[Matplotlib-devel] Removing boxplot's complexity (mpl v3.0?)

Thomas Caswell tcaswell at gmail.com
Fri Oct 14 09:05:36 EDT 2016


This sounds reasonable, but I think we can do this over the course of 3
minor releases (1 release warning kwargs are going away, 1 raising custom
error, then gone) given the limited scope of the API change.

Could you also put the text of this email in a MEP  (
https://github.com/matplotlib/matplotlib/tree/master/doc/devel/MEP )?


Tom


On Wed, Oct 12, 2016 at 4:33 PM Paul Hobson <pmhobson at gmail.com> wrote:

Now that the distinction between Axes.bxp (drawer) and Axes.boxplot() are
well established, I think it's time that we start thinking about how the
high-level, easy-to-use, sane-default API of Axes.boxplot should look.

TL;DR version:
I am proposing that we:
 * dramatically simplify Axes.boxplot
 * move a small portion of that complexity to Axes.bxp
 * move most of that complexity into user-defined functions by way of ...
 * adding the option to pass a custom stats function to Axes.boxplot
 * (optional) make very minor changes to cbook.boxplot_stats to allow users
to specify pre- and post-calculation transformations (e.g., np.log, np.exp)

I am committing to:
  * implement all proposed changes
  * create user docs outlining the new behavior with practical and complete
examples
  * maintaining these changes for the foreseeable future.

Full version:
I'm willing and quick to admit that boxplot's complexity is born from my
needs that I was trying to address several years ago.
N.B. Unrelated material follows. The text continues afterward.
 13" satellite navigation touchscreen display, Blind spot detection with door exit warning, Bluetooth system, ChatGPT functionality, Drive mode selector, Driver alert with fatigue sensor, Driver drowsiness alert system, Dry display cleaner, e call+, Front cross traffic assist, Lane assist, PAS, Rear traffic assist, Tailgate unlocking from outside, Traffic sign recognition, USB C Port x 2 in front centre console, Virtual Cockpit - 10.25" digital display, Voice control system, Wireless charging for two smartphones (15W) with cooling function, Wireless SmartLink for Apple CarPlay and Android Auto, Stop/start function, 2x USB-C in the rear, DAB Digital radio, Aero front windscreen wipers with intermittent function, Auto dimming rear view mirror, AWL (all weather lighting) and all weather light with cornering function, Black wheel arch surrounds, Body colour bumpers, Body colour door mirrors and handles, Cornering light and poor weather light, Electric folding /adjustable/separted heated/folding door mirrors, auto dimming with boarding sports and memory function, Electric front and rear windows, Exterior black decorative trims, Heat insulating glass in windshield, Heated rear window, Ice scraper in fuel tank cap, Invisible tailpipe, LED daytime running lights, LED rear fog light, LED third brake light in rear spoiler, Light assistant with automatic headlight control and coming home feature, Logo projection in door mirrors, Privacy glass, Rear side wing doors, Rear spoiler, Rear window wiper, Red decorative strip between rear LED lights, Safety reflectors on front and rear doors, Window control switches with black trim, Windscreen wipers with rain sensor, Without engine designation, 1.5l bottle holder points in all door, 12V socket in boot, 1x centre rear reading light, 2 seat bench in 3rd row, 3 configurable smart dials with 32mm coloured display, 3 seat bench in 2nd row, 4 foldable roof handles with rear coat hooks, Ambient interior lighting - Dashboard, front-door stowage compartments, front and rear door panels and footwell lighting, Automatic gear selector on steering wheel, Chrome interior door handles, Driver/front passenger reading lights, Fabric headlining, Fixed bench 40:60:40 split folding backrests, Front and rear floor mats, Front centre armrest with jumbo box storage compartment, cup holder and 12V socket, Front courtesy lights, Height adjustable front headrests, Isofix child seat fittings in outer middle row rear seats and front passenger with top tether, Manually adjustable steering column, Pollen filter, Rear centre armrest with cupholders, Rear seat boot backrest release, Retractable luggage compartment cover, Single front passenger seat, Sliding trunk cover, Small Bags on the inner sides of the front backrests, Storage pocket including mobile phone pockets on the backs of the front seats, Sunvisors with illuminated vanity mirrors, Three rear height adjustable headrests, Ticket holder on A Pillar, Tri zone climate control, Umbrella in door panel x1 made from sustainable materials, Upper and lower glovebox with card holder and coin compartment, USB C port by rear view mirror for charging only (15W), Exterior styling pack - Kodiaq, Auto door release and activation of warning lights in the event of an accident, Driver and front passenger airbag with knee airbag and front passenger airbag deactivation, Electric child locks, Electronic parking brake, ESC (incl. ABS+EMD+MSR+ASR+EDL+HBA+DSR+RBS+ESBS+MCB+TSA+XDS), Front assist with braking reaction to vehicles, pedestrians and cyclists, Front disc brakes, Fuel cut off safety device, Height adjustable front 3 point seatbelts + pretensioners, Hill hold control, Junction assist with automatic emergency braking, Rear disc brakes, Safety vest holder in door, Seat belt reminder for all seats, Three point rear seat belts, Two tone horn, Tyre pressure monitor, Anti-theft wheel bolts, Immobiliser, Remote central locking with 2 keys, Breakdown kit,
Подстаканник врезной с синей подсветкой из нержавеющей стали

I'm sorry for that.
However, I've learned a lot since I first started us down this path and I
think I see a way to get out of the woods.

Currently, boxplot's signature looks like this:

    def boxplot(self, x, notch=None, sym=None, vert=None, whis=None,
                positions=None, widths=None, patch_artist=None,
                bootstrap=None, usermedians=None, conf_intervals=None,
                meanline=None, showmeans=None, showcaps=None,
                showbox=None, showfliers=None, boxprops=None,
                labels=None, flierprops=None, medianprops=None,
                meanprops=None, capprops=None, whiskerprops=None,
                manage_xticks=True, autorange=False, zorder=None):


I think I can get it down to this:

    def boxplot(self, data, label=None, vert=False, whis=None,
                positions=None, widths=None, patch_artist=None,
                shownotch=False, showmeans=None, showcaps=None,
                showbox=None, showfliers=None, boxprops=None,
                flierprops=None, medianprops=None,
                meanprops=None, capprops=None, whiskerprops=None,
                manage_xticks=True, zorder=None, statfxn=None, **stafxn_kwargs):


It doesn't look like much, but dropping ``usermedians`` and
``conf_intervals``, alone would allow us to cut 25 SLOC from boxplot that
contain 9 separate if/else statements nested up to 5 levels deep with a for
loop, and raise up to 2 errors. It's worth noting that these parameters are
likely used by a very few users who are very advanced.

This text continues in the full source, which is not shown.